One year after the 8 August 2016 law on labour, modernizing labour relations and improving the security of career paths, the draft ordonnance on enhancing collective bargaining expresses the Government's desire to promote collective bargaining as closely as possible to the company level.
Focus on the main provisions of this ordonnance.
1. With respect to the relationship between industry-wide and company agreements, the ordonnance divides negotiation topics into three blocs:
The first indicates which stipulations of industry-wide agreements cannot be modified by a company agreement unless the company agreement provides equivalent or better protection. These stipulations concern:
- wage minimums; job classifications; sharing of the joint-management financing fund; and complementary social protection guarantees;
- measures related to the working time equivalency system; the number of hours that result in being classified as a night-shift worker; a minimum working time of under 24 hours for part-time jobs; the pay-increase rate for additional hours and the temporary increase in part-time employees' workload;
- measures related to fixed-term contracts, temporary employment contracts, and site-specific open-ended contracts ("CDI de chantier"); equality between men and women in the workplace; probationary periods; and collective bargaining terms for transferring employment contracts
The second bloc comprises the areas in which the industry-wide agreement can expressly provide that a company agreement concluded after the industry-wide agreement cannot include provisions that differ from those of the industry-wide agreement unless the company agreement provides equivalent or better protection. At issue here are occupational health risks, workers with disabilities, the appointment threshold for and number of union representatives and bonuses for dangerous or unhealthy work or working conditions.

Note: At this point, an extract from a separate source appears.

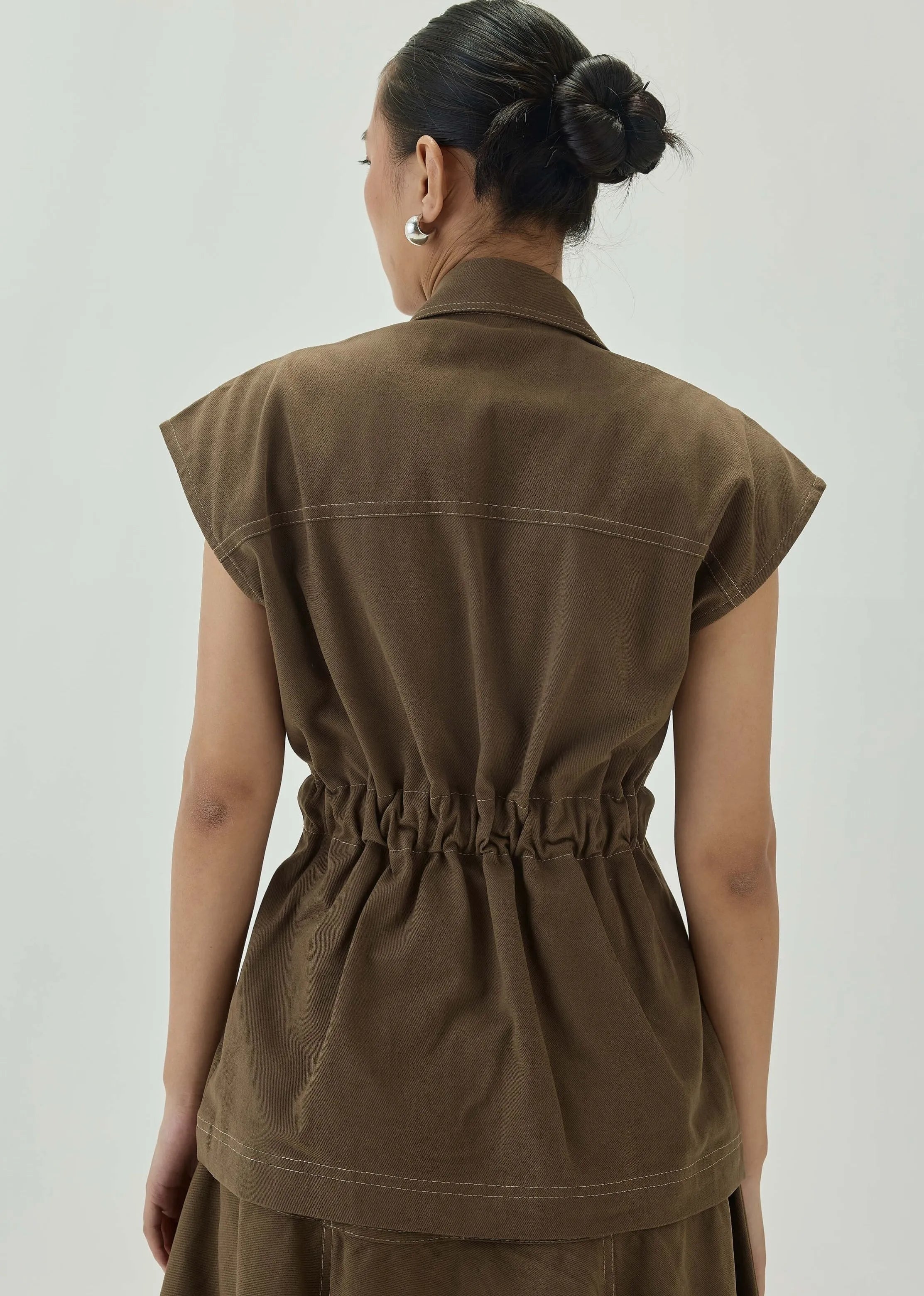 Green sleeveless shacket with a collared neckline, front button closure, contrast stitching, flap pockets, and a belted waist for a defined fit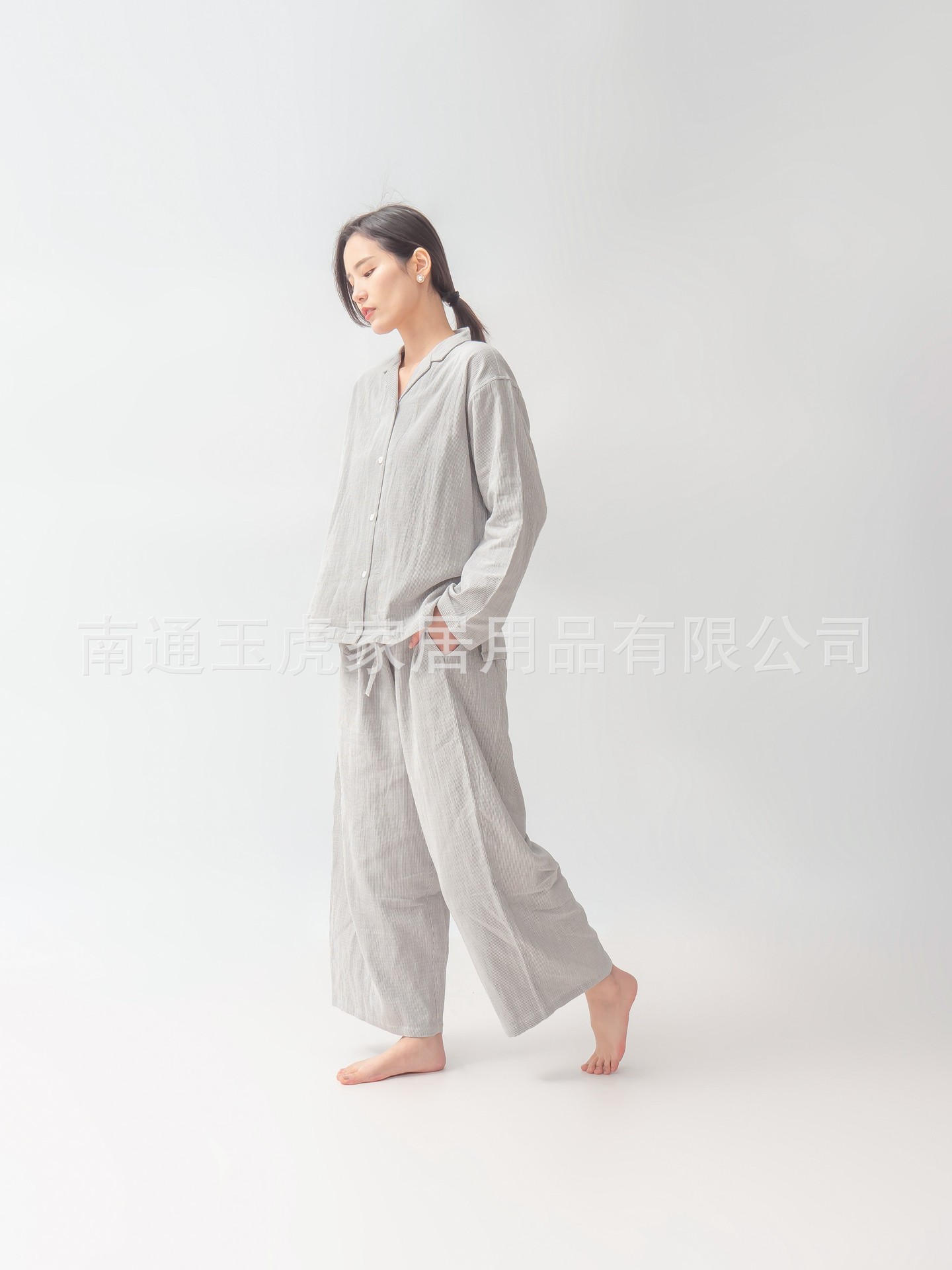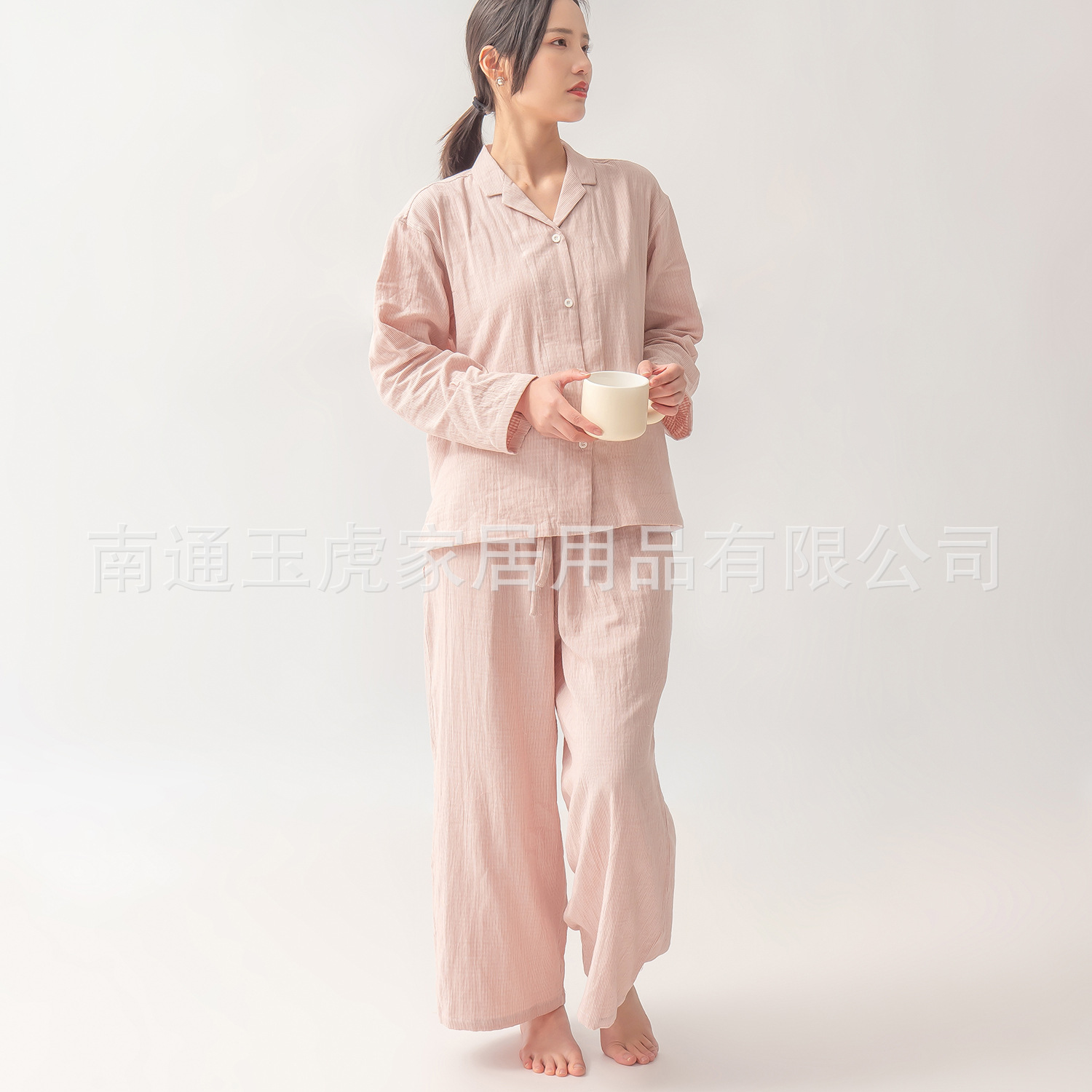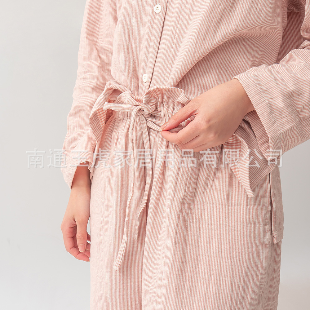 日本の純綿二重ガーゼパジャマセットズボン男性と女性の長袖カップルスタイルホーム服卸売は屋外で着用できます

In all other areas, the company agreement prevails over the industry-wide agreement, regardless of whether it is concluded before or after the industry-wide agreement.
Note in this regard that the law of 4 May 2004 added a second paragraph to French Labour Code Article L. 2253-3 that makes it possible for industry-wide agreements to expressly prohibit company agreements from creating exceptions to the relevant industry-wide agreement and that Article 45 of that Law restricts companies' right to create exceptions to industry-wide agreements concluded after the Law entered into force. With respect to the second bloc, these provisions will remain in effect if the parties to the industry-wide agreement confirm their scope before 1 January 2019. However, in all other areas for which the ordonnance provides that company agreements prevail, as soon as the ordonnance is published it will be possible to create exceptions to the industry-wide agreement, regardless of when it was concluded.
As regards the agreements' contents, the draft ordonnance creates an obligation to negotiate within the company to set the schedule, frequency, topics and terms for negotiations, including the topics subject to mandatory negotiation when a representative union organization so requests or at the employer's initiative. The agreement cannot have a term longer than four years. The provisions relating to mandatory negotiation terms only apply if there is no such agreement.
2. With respect to small companies' access to collective bargaining, the terms for negotiating in companies that do not have union representatives are set according to the number of employees:
- In companies that have fewer than 11 employees, the employer can submit a draft agreement to the employees that covers all of the topics open to negotiation, which will be valid if ratified by a two-thirds majority of the personnel. These provisions also apply to companies that have between 11 and 20 employees if there is no elected member of the employee representative body on the social and economic committee;
- In companies that usually have between 11 and 50 employees, an agreement may be entered into by an employee mandated by an industry-level representative union organization or by a member of the employee representative body on the social and economic committee. Such agreements' validity is subject, respectively, to employee approval (by a majority vote) or signature by members representing the majority of votes cast at the most recent workplace elections.
- In companies that have at least 50 employees, negotiation rules will not change.
3. With regards to the validity of collective bargaining agreements entered into with union representatives, the law of 8 August 2016 provided that when an agreement was signed by representative union organisations that had obtained 30% of the votes cast in workplace elections for representative organisations, the agreement's validity was subject to approval by the majority of the employees. Only the signatory union organisations could ask for such consultation. The ordonnance extends the option of asking for such consultation to the employer, provided none of those organisations objects. The validity requirements of the protocol setting out the terms for organising such consultations are also amended: to be valid, the protocol must be signed by the employer and the representative union organisations that obtained 30% of the votes cast in workplace elections, rather than only by the signatory union organisations.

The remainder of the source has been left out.